Observations accumulated over the last decade have led to a consensus that at least some GRBs mark the death throes of a giant star as its core collapses to form a black hole. Until now, it has generally been thought that the black hole ejects a jet of plasma (extremely hot gas) which is blasted outwards at close to the speed of light.
This theory is called into question by a new study led by Pawan Kumar from the University of Texas. The work has been accepted for publication in the journal Monthly Notices of the Royal Astronomical Society.
Scientists have long speculated that the gamma-ray emission we see comes from fluctuations in the speed of the ejected material. The faster and slower ejecta collide, producing shocks in the jet which result in the emission of gamma-rays. Although this internal shock model is the standard explanation, it relies on the jet consisting of ordinary matter the same sort of material that we are made from or what scientists call baryons.
Now, however, Pawan Kumar and colleagues have cast doubt on this model.
Instead of the GRBs being generated by internal shocks, Kumar's team finds that the jet is actually a powerful magnetic outflow which transports huge amounts of energy away from the collapsed star.
Using data from the Swift satellite, Professor Kumar's team has analysed a sample of 10 gamma-ray bursts that were recorded between January 2005 and May 2006. In each case, Swift collected gamma-ray, X-ray and optical light immediately after the explosions were detected.
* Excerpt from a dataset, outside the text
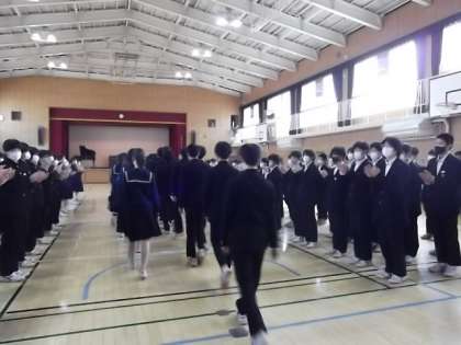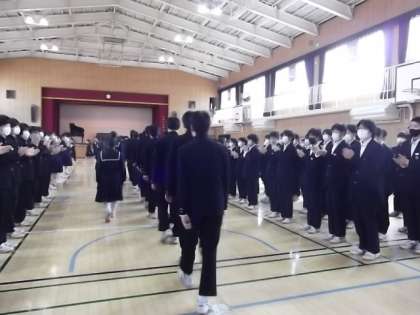 卒業生を送る会は1,2年の全員が卒業生と対面する最後の機会となります。贈る言葉や合唱を通して在校生の気持ちを卒業生に届けました。卒業生も代表生徒が在校生に言葉を送り、最後に合唱をしました。
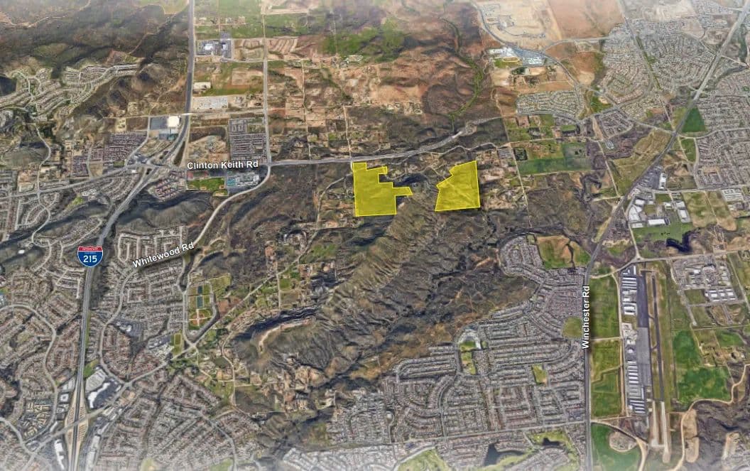 PROPERTY OVERVIEW The property consists of five parcels that make up approximately 104.5 acres of raw land in Murrieta, CA. Three of the five parcels (APN’s: 900-020-021,023,026) are adjoined starting at the intersection of Clinton Keith Rd and Menifee Rd, extending about a half-of a-mile to the south. This portion of the property makes up nearly 59 acres while the other two parcels to the east (APN’s: 900-020-014,015) make up the remaining +/- 45 acres of the property. In terms of the property’s location, it sits about 1.2 miles from the I-215 interchange at Clinton Keith Road where there is large retail presence, approximately 2 miles from Highway 79 access, and has multiple schools in a 2-mile radius. Per the Eastern Municipal Water District, the nearest water and sewer access to the site is at the corner of Whitewood Rd and Clinton Keith Road to the west of the property. The five parcels that make up the property are all zoned Rural Residential with a general plan designation for Large Lot Residential (LLR). The Rural Residential zoning is intended for singlefamily residential use with a density range of 0.1-0.4 dwelling units per acre, or rather minimum lot sizes of 2.5 acres. • LOCATION: Murrieta - Riverside County, CA • TOTAL SITE AREA: ±104.50 Acres • APN: 900-020-014, 015, 021, 023, 026 • PURCHASE PRICE: $2,900,000 • PRICE PER SF: $0.64 • ZONING: Rural Residential • GENERAL PLAN: Large Lot Residential

Such multi-wavelength observations are essential if the researchers are to understand what happens after the brief burst fades and the source object is only visible in X-rays or visible light.
"Swift is uniquely capable of such simultaneous multi-wavelength observations," says Neil Gehrels of NASA's Goddard Space Flight Center, Principal Investigator for the Swift satellite.
The new study reveals the physical process responsible for the generation of gamma-ray radiation and the distance from the black hole where this radiation is produced.
"The gamma-ray source is located about 10 billion km from the black hole, or 100 times further than previously thought," says Kumar. "This and several other lines of evidence put forward in our work suggest that the outflow is dominated by the magnetic field."
The data indicate that a magnetic jet decays into gamma-rays. The subsequent interaction (of the jet) with the surrounding gas causes intense heating and this produces an afterglow that is seen at X-ray and visible light wavelengths.
"In just a few seconds gamma-ray bursts emit as much energy as the Sun does in 10 billion years," says Paul O'Brien from the University of Leicester, a co-investigator on the project. "The Swift observations are telling us that this emission is due to an outflow in which magnetic fields transport the energy. If confirmed, this will alter our view of how these objects work."
"Using the Swift data we can accurately measure the times when the prompt emission stops and the afterglow becomes visible," said Richard Willingale, also from the University of Leicester. "These times constrain the distance of the emitting region from the black hole and hence the physical processes involved."
Since its launch November 20, 2004, Swift has observed over 200 gamma-ray bursts and provides prompt data on almost all of them.
"Swift can turn and observe a gamma-ray burst with its X-ray and optical telescopes in just a few tens of seconds," says David Burrows from Pennsylvania State University, lead investigator for the X-ray telescope on Swift. "This capability allows us to capture a snapshot of the early emission which carries information on the physical processes involved."